Врачи нужны, чтобы выбрать наиболее оптимальный для каждого пациента протокол, при необходимости скорректировать его.
Все люди разные! Нас всегда учат лечить не болезнь, а больного. Одним людям подходит один протокол, другим другой.
Надо учитывать очень много факторов: возраст пациента, возможные побочные действия препаратов, сопутствующие заболевания, взаимодействия препаратов. Даже то, где живет пациент, сможет ли он регулярно приезжать на внутривенную терапию или ему удобнее принимать дома пероральные препараты.
– Допустим, к вам приходит пациент, которому уже поставлен диагноз – лимфома. Какие ваши дальнейшие шаги, как вы будете действовать, как выбирать протокол, оценивать риски и побочные эффекты?
– Для злокачественной лимфомы стандартом является так называемая схема R-CHOP. Она назначается, если у пациента нет какой-то тяжелой сопутствующей патологии, но могут быть нюансы. Доксорубицин, который входит в состав этой схемы, кардиотоксичный, соответственно, людям, у которых есть сердечная патология, его надо назначать с осторожностью, потому что можно получить осложнения.
Здесь уже включается работа клинического онколога: чем заменить? Заменить на какой-то другой препарат или вообще провести без этого препарата? Винкристин, который тоже входит в состав этой схемы, нейротоксичный, соответственно, людям, у которых есть какая-то нейропатия, тоже его не назначишь. Поэтому нужно взвешивать все «за» и «против», возможные побочные эффекты, состояние пациента, его сопутствующую патологию.
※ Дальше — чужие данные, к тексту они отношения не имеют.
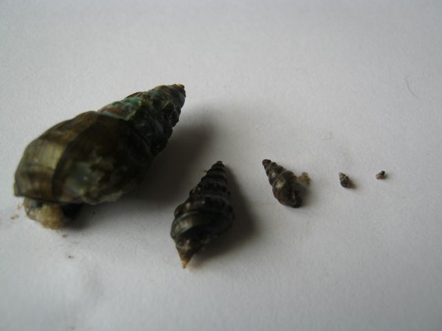Was mich allerdings wundert ist,das ich wieder ganz junge Minis entdeckt habe,ich habe es mit viel vorsicht geschafft so ein kleines Ding zu fangen und auf einem Stück Papier zu legen und 4 weitere Größen.(die 2 letzten bzw die Größten Schnecken sind in dieser Größe zu mir gekommen und der Rest ist alles von diesem Jahr)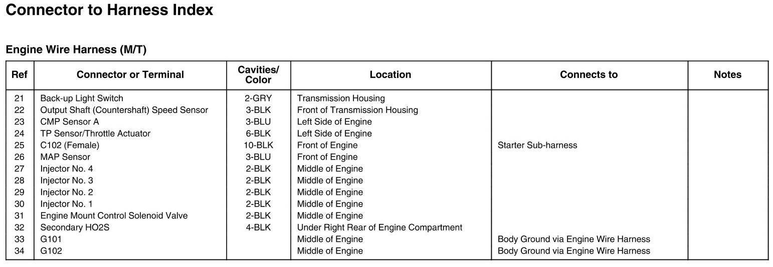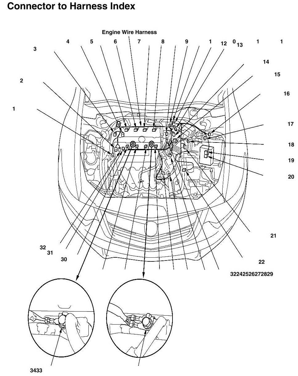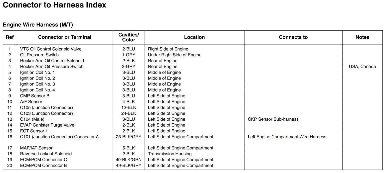 Engine Wire Harness Connector And Harness Locations (M/T)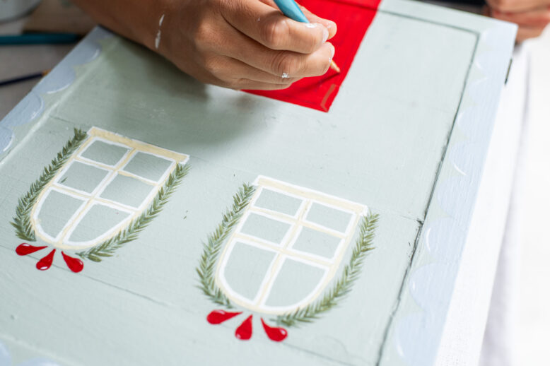 I sketched a basic design on the front including doors and windows and some decorations, and then used paint to bring those to life. You can keep it simple or go all out at this point!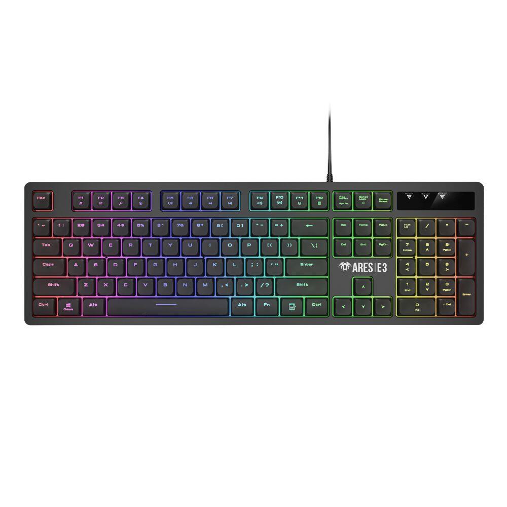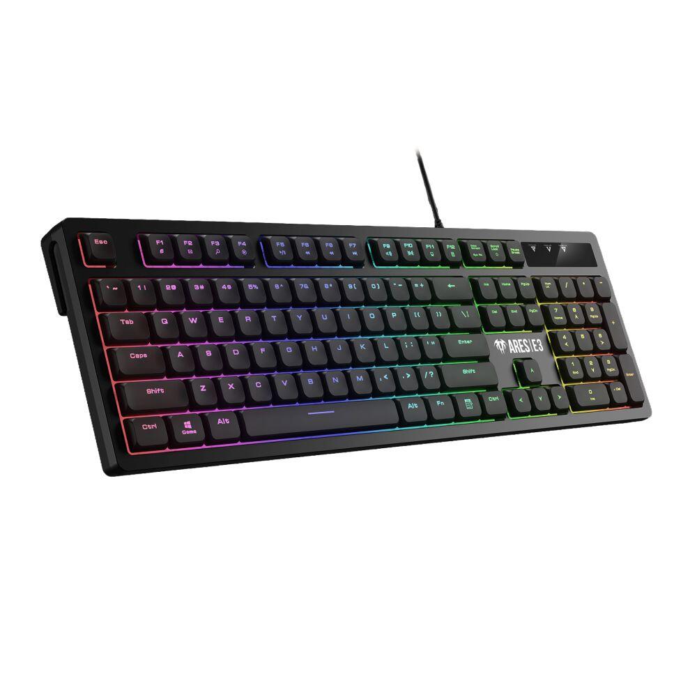 Kit gaming Gamdias Poseidon E2 3 in 1 negru iluminare RGB, specificatii tastatura ARES E3 Rainbow: iluminare LED Rainbow 4 nivele de intensitate luminoasa, taste anti-ghosting, 6 de taste fara conflict (6-key rollover), 8 taste multimedia, lungime cablu: 1.8m, dimensiuni: 446x151x28.5mm, greutate: 545g, specificatii mouse: 1200/1800/ 2400/ 3600 DPI (Default 1200), senzor optic, iluminare multicolora, conector: USB, lungime cablu: 1.5m, dimensiuni: 124x61x39mm, greutate: 93g, specificatii casti: design ergonomic, iluminare LED multicolora, design ergonomic, microfon omnidirectional flexibil (dimensiuni: Φ4x1.5mm, sensibilitate: -38dB±3dB), difuzoare: 50mm (impedanta: 21Ω, sensibilitate: 115±3dB), conectori: USB / 2x jack 3.5mm TRS, adaptor 2xjack 3.5mm TRS, lungime cablu: 1.8m, greutate: 283g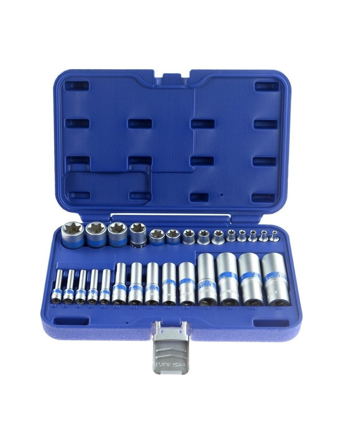 Galvučių rinkinys 1/4 + 3/8 + 1/2 E 28vnt.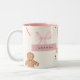 Personalized Holiday Gingerbread & Pink Bow Two-Tone Coffee Mug
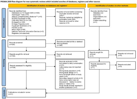 Ten literature databases (AdisInsight: Trials, Allied & Complementary Medicine™, BIOSIS Previews®, CAB ABSTRACTS, Embase®, Embase Preprints, Foodline®: SCIENCE, FSTA®, MEDLINE®, and NTIS: National Technical Information Service) were searched on 12 August 2024 and 5 March 2025 using the electronic search tool ProQuest Dialog™ (Version 75.0) (Clarivate, Philadelphia, PA, USA, 2022). Duplicates were automatically removed using ProQuest Dialog™ (Version 75.0). Keywords related to iodine, dairy, and pregnant or lactating populations were searched. For an article to be identified, the term “iodine” or “iodide” had to appear in the title, together with at least 1 term for the study population (e.g., “pregnant”). Additionally, at least 1 term for dairy (e.g., “milk”) had to appear either in the title or abstract of the article. No limitations were placed on the language of publication. The original search on 12 August 2024 had no limitations on the publication date, while the updated search on 5 March 2025 was limited to studies published on or after 12 August 2024. In addition to the studies identified through database searching, reference lists of recent systematic or narrative reviews were also screened to ensure the identification of all relevant studies. The date ranges and search strategy used to retrieve literature are further detailed in Supplementary Tables S1 and S2, respectively.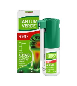 Tantum Verde to lek w formie spray'u stosowany miejscowo przy bakteryjnych i wirusowych infekcjach jamy ustnej, gardła oraz krtani. Ma odświeżający, delikatnie miętowy smak.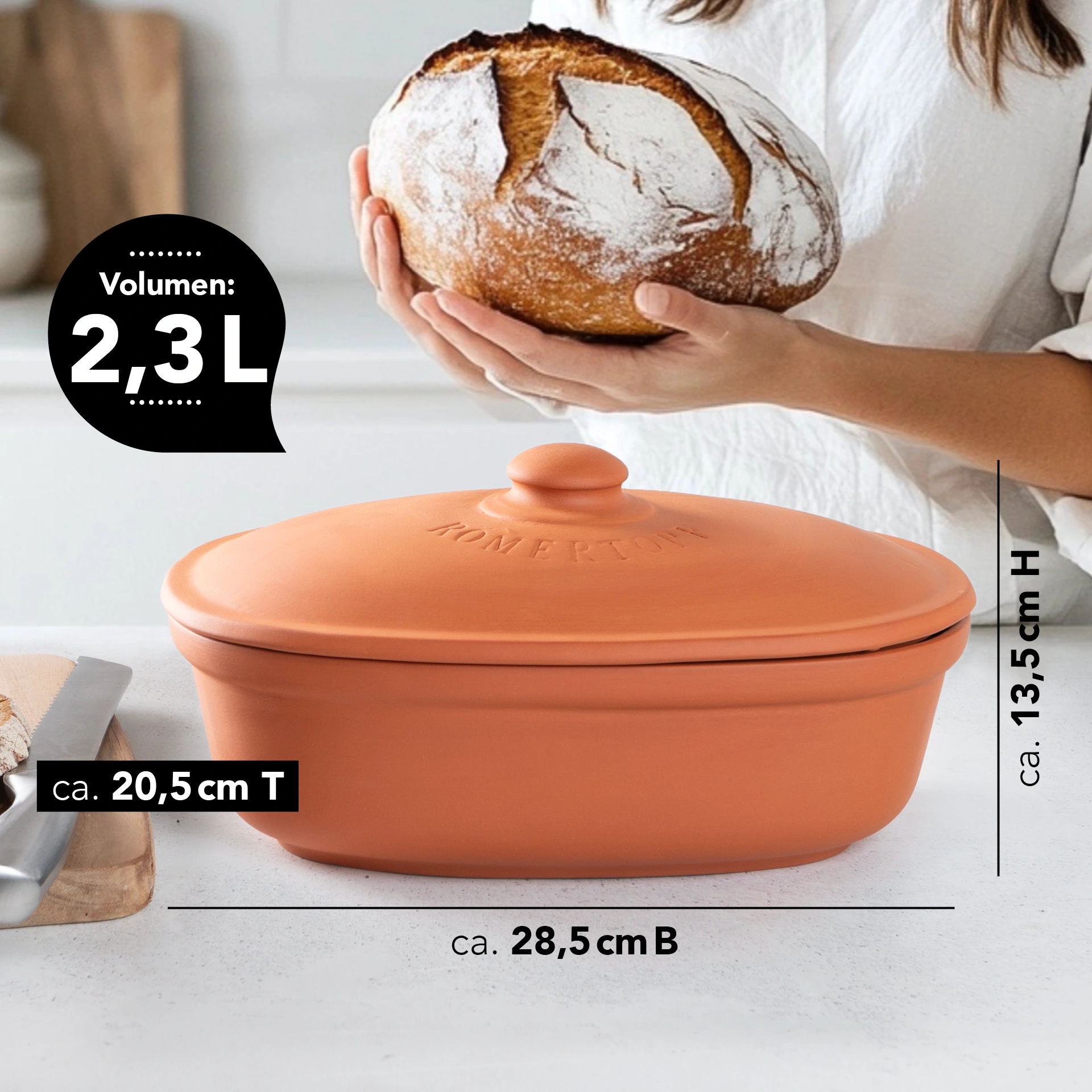 Dieser Brottopf in ovaler Form ist speziell für kleine bis mittlere Haushalte entwickelt. Er bietet ausreichend Platz, um Brot und Brötchen frisch und saftig zu halten. Der atmungsaktive Ton des Römertopfs wirkt wie eine natürliche Klimaanlage: Er reguliert die Feuchtigkeit, indem er überschüssige Feuchtigkeit nach außen ableitet. Dadurch wird Schimmelbildung effektiv verhindert, und trockenes Brot gehört der Vergangenheit an. So bleibt Ihr Brot länger aromatisch und genussbereit.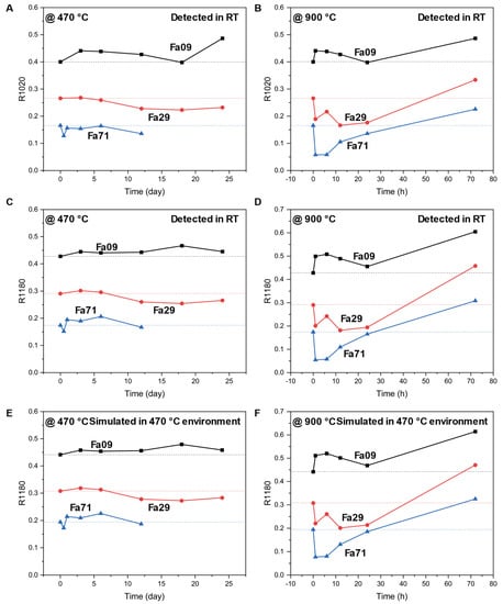 Variations in R1020 and R1180 for Fa09, Fa29 and Fa71 with increasing oxidation time. (A) and (B) are the measured R1020 of three olivine samples oxidized at 470 °C and 900 °C, respectively. (C) and (D) are the measured R1180 of three olivine samples oxidized at 470 °C and 900 °C, respectively. (E,F) are the simulated R1180 of samples—the same as those presented in (C,D)—considering the influence of thermal radiance at 470 °C, within which the spectral measurements are conducted. The dashed lines represent the spectral parameters of initial olivine. The final products of Fa09, being oxidized at 470 °C or 900 °C, produce consistently higher R1020 and R1180 values than those of the initial Fe09. Final products of Fa29, being oxidized at 470 °C, show decreasing trends of R1020 and R1180 compared to the initial Fa29. After oxidation at 900 °C, the R1020 and R1180 of the Fa29 products first decrease to lower than the initial Fa29 and then reverse to increase; the final R1020 and R1180 are substantially higher than those of the initial Fa29. The final products of Fa71 at 470 °C show a decreasing trend of R1020 and a generally increasing trend of R1180. Being oxidized at 900 °C, the variation trend is similar to that of Fa29. Simulated spectral parameters, considering high environmental temperature in the spectral measurements, show similar patterns to the measured spectral parameters. RT = room temperature.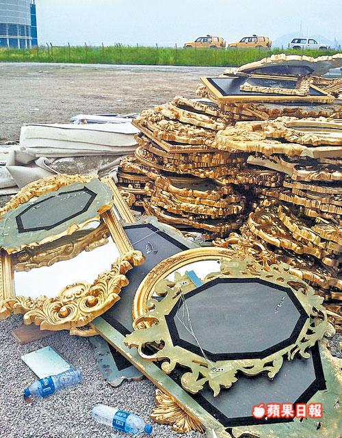 但昨日有讀者投訴婚禮過後,婚宴入口處堆積大量垃圾,相信製作單位尚未及時處理,記者昨日往現場視察發覺有大量絲絨梳化及豪華鏡子,堆積如山更被視作垃圾處理,頗為浪費。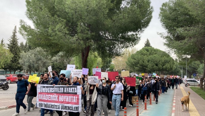 İzmir’de üniversite öğrencileri, İstanbul Büyükşehir Belediyesi’ne (İBB) yönelik soruşturmalara karşı başlattıkları eylemleri bugün de sürdürdü. Öğrenciler, dersleri boykot etti. Ege Üniversitesi’nde 1 No’lu yemekhane önünde bir araya gelen öğrenciler, “Üniversiteler ayakta, akademik boykotta” pankartı taşıdı. Ayrıca “Diplomasız Erdoğan” ve “Hırsız, katil AKP” sloganlarıyla şölen alanına doğru yürüyüş gerçekleştirdi. Burada forum ve müzik dinletisi düzenledi. Akademisyenler de öğrencilerin boykotuna destek verdi. Öğrenciler, akşam saatlerinde de Bornova’da yapılacak protestolara katılacak.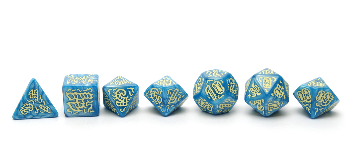A Starfinder themed polyset with hues of light blue plasma and vibrant electric yellow numbering in a dynamic cosmic font.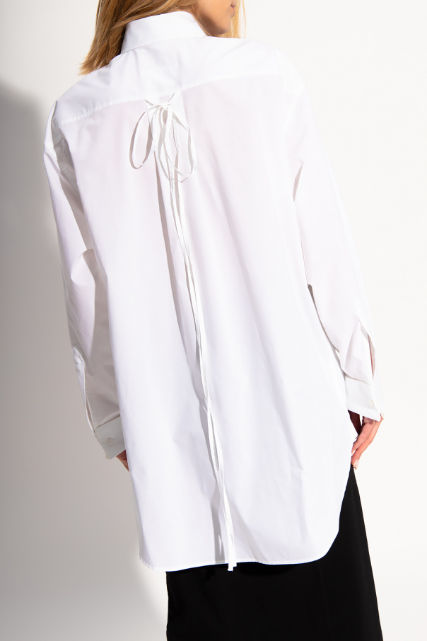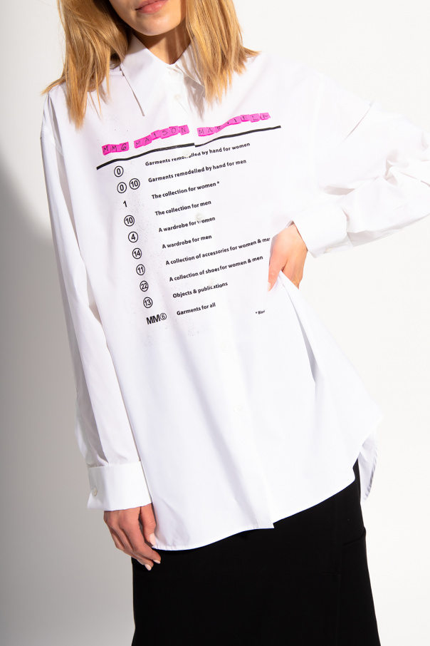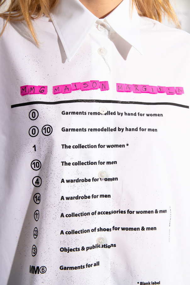 White shirt from MM6 Maison Margiela. Made of cotton, this design features a zip fastening and printed logo pattern.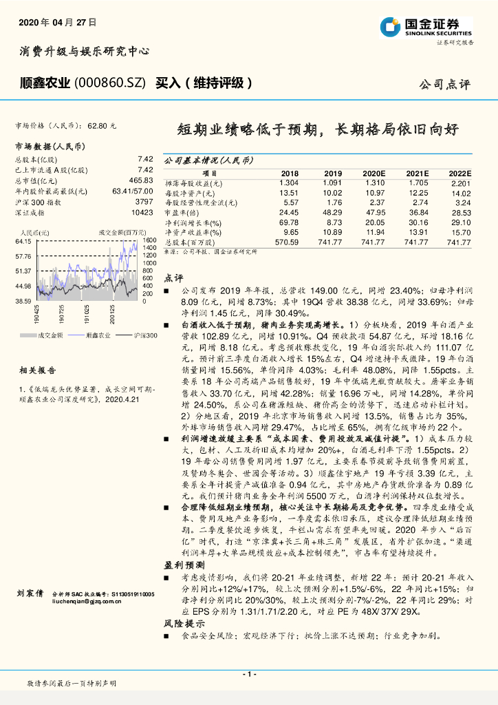 国金证券:顺鑫农业(000860)-短期业绩略低于预期,长期格局依旧向好.pdf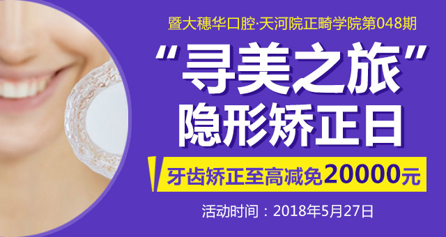 5月27日,穗华口腔医院天河院将举行穗华口腔医院·正畸学院第48期“寻美之旅”隐形矫正日,口腔医学专家亲临现场授课,为市民带来精彩的隐形矫正讲座。现场更有真人案例现场分享,正畸专家现场解疑所有牙齿矫正问题,在这个矫治日,助力您寻到属于自己的美丽,成为自己人生的主宰者!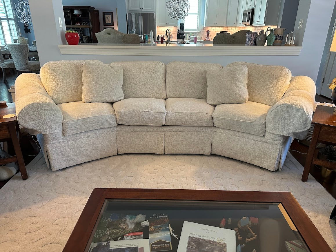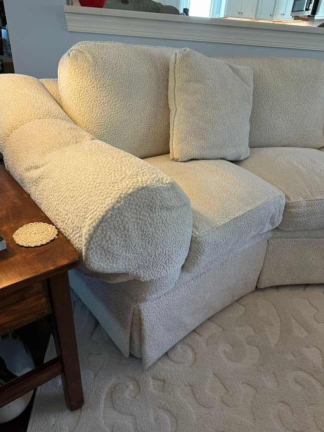 Curved sectional sofa in textured bouclé upholstery with contemporary lounge profile and deep seating proportions. Sculptural arc form maximizes conversation layout while maintaining a compact footprint for large living rooms. Multi-seat configuration with tailored skirt base and oversized rolled arms reflects late 20th century custom upholstery work. Presented by Craze Furniture as a high-end, custom-built piece prioritizing comfort, scale, and architectural presence.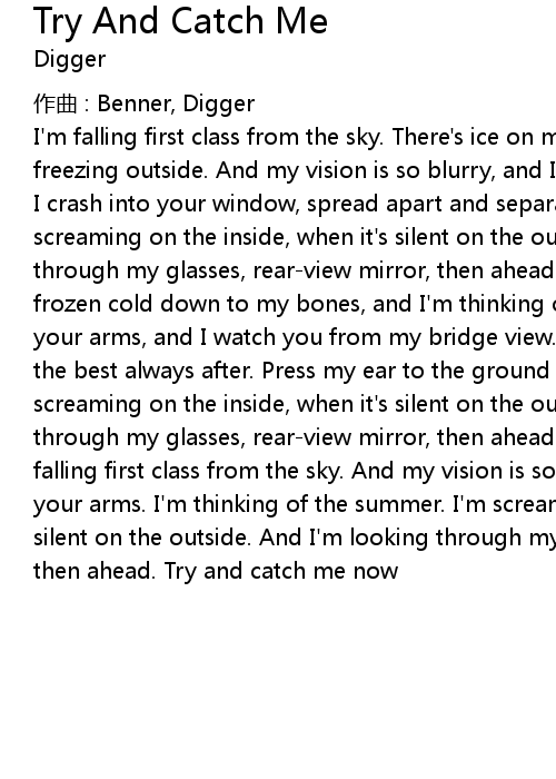 | I'm falling first class from the sky. There's ice on my windows, and it's freezing outside. And my vision is so blurry, and I feel like a snowflake. When I crash into your window, spread apart and separate into tiny little pieces. I'm screaming on the inside, when it's silent on the outside. And I'm looking, through my glasses, rear-view mirror, then ahead. Try and catch me now. I'm frozen cold down to my bones, and I'm thinking of the summer. When I fall into your arms, and I watch you from my bridge view. While I think of things to say, the best always after. Press my ear to the ground and I listen for you. I'm screaming on the inside, when it's silent on the outside. And I'm looking through my glasses, rear-view mirror, then ahead. Try and catch me now. I'm falling first class from the sky. And my vision is so blurry. When I fall into your arms. I'm thinking of the summer. I'm screaming on the inside, when it's silent on the outside. And I'm looking through my glasses, rear-view mirror, then ahead. Try and catch me now |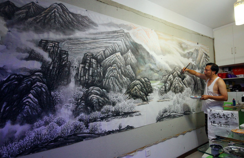 中國的高鐵建設(shè)方興未艾,高鐵建設(shè)者正奔波于祖國的四面八方,就拿我們公司來講,短短幾年的時間里,先后參建了鄭西、石武、滬昆、哈齊、湘桂、貴廣、南廣、廈深等十多條高速鐵路建設(shè)。伴隨高鐵施工的大發(fā)展,表現(xiàn)高速鐵路建設(shè)的宏偉畫卷也在每一位大路畫家的心中開始琢磨起來。2010年秋天,石武高速鐵路施工迎來施工大干高潮,我和單位同事一道,離開公司機(jī)關(guān),輾轉(zhuǎn)千里,來到湖北與河南交界的大悟縣,施工大干之際,我一邊工作,一邊用隨身的小本畫工地速寫,工余時間就在宿舍畫工地小景,在工地上雖然畫畫的條件不太寬裕,單弄一塊土工布代替羊毛氈,放在桌子上依然能夠解決畫國畫的基本需求,就這樣,幾個月下來,居然還有不少收獲,一幅幅再現(xiàn)高速鐵路建設(shè)的山水畫躍然紙上,其中一幅畫還被《中國鐵道建筑報》評為了年度優(yōu)秀美術(shù)作品獎。

– Бывают ли нетоксичные препараты?
– У любого препарата должны быть побочные действия. Одно дело, что у некоторых препаратов их много, у других их мало, поэтому все зависит от препарата. Совершенно безопасных препаратов не бывает.
– Вы уже не в первый раз говорите о таргетных препаратах. Что такое таргетная терапия?
– Таргетная терапия от слова таргет (англ. target) – мишень. В клетках опухоли часто встречаются определенные мутации. Тут надо сказать, что рак – это болезнь генома, и любой рак – это изначально мутации. Некоторые мутации специфичны для конкретного вида рака. Мутации в геноме раковых клеток проявляются повышенным синтезом специфических белков, в частности, рецепторов на поверхности клетки. Например, при некоторых формах рака молочной железы наблюдается очень высокая экспрессия на поверхности опухолевых клеток HER2-рецептора (рецептор эпидермального фактора роста второго типа, отвечающего за рост и деление клеток).
Создали препарат, который связывается избирательно с этими рецепторами – трастузумаб. У препарата имеется мишень для воздействия, с которой он избирательно связывается и которую блокирует, соответственно, прекращается деление опухолевой клетки. Есть и другие таргетные препараты, сейчас, наверное, уже около 40.
– Как диагностируется мутация?
– Если это поверхностные антигены, рецепторы – это иммуногистохимическое исследование. При таком исследовании специальными реактивами прокрашиваются оболочки клеток. Если это другие мутации, например KRAS-мутация или BRAF-мутация в некоторых опухолях, делают молекулярное типирование опухоли, молекулярное исследование, и определяют эти мутации.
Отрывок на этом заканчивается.